_WORK ITEM_
For each line in the data below that holds "Austin", return a copy.

_EXTRACTED RECORDS_

........

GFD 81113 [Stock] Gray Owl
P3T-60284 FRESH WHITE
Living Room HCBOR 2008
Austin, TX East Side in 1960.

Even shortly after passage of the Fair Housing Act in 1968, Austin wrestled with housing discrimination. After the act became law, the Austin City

........

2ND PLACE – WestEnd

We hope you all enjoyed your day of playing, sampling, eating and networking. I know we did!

........

_RESULT FOR THIS EXERCISE_
Austin, TX East Side in 1960.
Even shortly after passage of the Fair Housing Act in 1968, Austin wrestled with housing discrimination. After the act became law, the Austin City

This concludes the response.